One of their phones buzzed, causing the silence to explode, and Valenticia rose and moved to the window, her silhouette a stark contrast against the gray outside. “Grandmother?” she said, her voice softening, and Rosanna’s words snapped faint, urgent, “Gregor’s reach is long, child—Natasha’s in Lazareth… pulling strings. Alarm shot through me, a sudden chill in my blood---Natasha? Gregor’s enforcer, her meddling in Lena Voss’s lab a specter I’d seen in hacked files. Valenticia’s complexion blanched and fear chiseled lines into her face, her hand clutching one set of the formula tightly, and my heart raced, sweat making my hands sticky—but he was everywhere, getting closer. Rosanna faltered and Valenticia dropped the receiver, eyes elsewhere, swept away into a tempest I couldn’t understand. I spun to my computer, my fingers trembling as I opened up the lab’s server, fear slowly drumming in my heart. I missed something, I thought, remembering a deleted email I’d seen yesterday, languishing in the system’s trash.

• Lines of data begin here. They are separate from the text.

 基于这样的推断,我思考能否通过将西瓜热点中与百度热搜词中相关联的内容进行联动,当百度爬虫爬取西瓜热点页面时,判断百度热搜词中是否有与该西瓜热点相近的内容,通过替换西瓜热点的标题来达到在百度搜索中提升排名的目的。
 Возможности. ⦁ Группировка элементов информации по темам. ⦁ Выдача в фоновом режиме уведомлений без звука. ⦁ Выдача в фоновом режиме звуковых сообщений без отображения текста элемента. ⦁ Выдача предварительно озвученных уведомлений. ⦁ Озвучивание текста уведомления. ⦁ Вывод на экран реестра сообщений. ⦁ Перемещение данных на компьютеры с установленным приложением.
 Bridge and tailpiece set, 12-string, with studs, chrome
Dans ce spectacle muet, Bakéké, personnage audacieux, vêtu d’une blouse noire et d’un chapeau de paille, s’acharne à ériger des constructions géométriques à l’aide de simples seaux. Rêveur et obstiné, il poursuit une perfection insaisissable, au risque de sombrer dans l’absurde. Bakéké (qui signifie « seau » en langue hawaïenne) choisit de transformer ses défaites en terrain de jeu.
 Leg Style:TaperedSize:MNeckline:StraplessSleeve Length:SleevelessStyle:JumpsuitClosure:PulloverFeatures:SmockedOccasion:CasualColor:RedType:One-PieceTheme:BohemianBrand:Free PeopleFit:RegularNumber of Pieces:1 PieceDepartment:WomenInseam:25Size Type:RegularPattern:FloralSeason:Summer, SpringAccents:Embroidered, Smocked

My fingers flew on the keys, the glow from the screen scorching, and I dug through the server’s underbelly, sweat trickling my brow. The file appeared to be a fragment of a message: Natasha to Lazareth, serum shipment, G.G. My breath caught, sinking in like ice water— Lazareth’s a Galden hub, their brain center. The email was evidence, the rope to pull on Natasha’s scheme, and I printed it, the printer grumbling under its breath, the paper warm in my hands. I looked at Valenticia, turned away from me, her shoulders stiff, and my guilt exploded — I let Eleanor down but not her kid. I drew the email up, my oath ablaze, and passed it over the desk, voice soft, quick, “Valenticia, take this—proof. Natasha’s tied to Lazareth. Use it.” Her gaze pierced mine, sharp, a glimmer of thanks breaking from her anger, and I nodded, my determination hot against Gregor’s dark, a promise for atonement blazing in my heart.